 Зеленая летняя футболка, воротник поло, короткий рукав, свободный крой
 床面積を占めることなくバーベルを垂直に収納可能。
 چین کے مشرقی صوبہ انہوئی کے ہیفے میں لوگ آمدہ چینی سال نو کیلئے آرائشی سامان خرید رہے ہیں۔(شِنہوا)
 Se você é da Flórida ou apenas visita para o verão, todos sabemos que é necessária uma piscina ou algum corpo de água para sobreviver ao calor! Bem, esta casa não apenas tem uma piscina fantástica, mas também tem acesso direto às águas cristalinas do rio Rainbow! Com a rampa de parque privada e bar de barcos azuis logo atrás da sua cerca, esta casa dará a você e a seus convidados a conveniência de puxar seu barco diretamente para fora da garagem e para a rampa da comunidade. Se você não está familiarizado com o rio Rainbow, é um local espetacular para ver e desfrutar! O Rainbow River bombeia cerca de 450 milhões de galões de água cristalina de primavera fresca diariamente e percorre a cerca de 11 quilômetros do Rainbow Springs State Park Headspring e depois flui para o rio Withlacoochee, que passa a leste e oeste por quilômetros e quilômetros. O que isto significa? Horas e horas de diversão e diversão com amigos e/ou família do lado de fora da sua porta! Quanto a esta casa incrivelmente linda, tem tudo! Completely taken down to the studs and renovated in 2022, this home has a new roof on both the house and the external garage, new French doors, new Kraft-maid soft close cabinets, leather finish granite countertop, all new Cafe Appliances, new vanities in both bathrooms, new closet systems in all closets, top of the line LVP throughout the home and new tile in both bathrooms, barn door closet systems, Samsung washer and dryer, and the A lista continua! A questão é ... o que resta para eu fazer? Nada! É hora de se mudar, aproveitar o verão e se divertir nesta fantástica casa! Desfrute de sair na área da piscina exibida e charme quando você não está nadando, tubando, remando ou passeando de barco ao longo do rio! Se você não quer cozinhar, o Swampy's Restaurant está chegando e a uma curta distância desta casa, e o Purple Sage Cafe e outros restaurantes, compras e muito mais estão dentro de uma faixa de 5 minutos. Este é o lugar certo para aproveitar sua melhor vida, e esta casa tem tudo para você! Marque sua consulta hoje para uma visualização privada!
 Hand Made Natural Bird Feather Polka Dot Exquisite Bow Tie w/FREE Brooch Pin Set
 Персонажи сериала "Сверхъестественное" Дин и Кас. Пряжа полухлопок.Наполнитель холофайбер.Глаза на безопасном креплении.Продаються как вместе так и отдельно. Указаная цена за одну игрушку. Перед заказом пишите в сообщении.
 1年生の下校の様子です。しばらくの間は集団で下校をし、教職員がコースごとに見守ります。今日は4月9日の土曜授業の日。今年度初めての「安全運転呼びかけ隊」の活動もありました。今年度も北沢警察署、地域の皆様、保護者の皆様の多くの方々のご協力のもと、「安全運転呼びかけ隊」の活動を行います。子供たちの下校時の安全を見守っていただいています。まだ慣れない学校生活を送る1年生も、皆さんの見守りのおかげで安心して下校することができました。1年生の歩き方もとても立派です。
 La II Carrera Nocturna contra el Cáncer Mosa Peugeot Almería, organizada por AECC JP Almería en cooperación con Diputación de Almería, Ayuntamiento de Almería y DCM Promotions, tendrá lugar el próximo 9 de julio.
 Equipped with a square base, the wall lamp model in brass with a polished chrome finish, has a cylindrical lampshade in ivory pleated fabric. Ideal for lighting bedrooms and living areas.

※

▶ [What you should do] What you give back must be the stretch above, starting at the line with "Hand Made Natural" and ending at the line with "1年生の下校の様子です。しば", copied exactly.

▶ [Expected answer]
 Hand Made Natural Bird Feather Polka Dot Exquisite Bow Tie w/FREE Brooch Pin Set
 Персонажи сериала "Сверхъестественное" Дин и Кас. Пряжа полухлопок.Наполнитель холофайбер.Глаза на безопасном креплении.Продаються как вместе так и отдельно. Указаная цена за одну игрушку. Перед заказом пишите в сообщении.
 1年生の下校の様子です。しばらくの間は集団で下校をし、教職員がコースごとに見守ります。今日は4月9日の土曜授業の日。今年度初めての「安全運転呼びかけ隊」の活動もありました。今年度も北沢警察署、地域の皆様、保護者の皆様の多くの方々のご協力のもと、「安全運転呼びかけ隊」の活動を行います。子供たちの下校時の安全を見守っていただいています。まだ慣れない学校生活を送る1年生も、皆さんの見守りのおかげで安心して下校することができました。1年生の歩き方もとても立派です。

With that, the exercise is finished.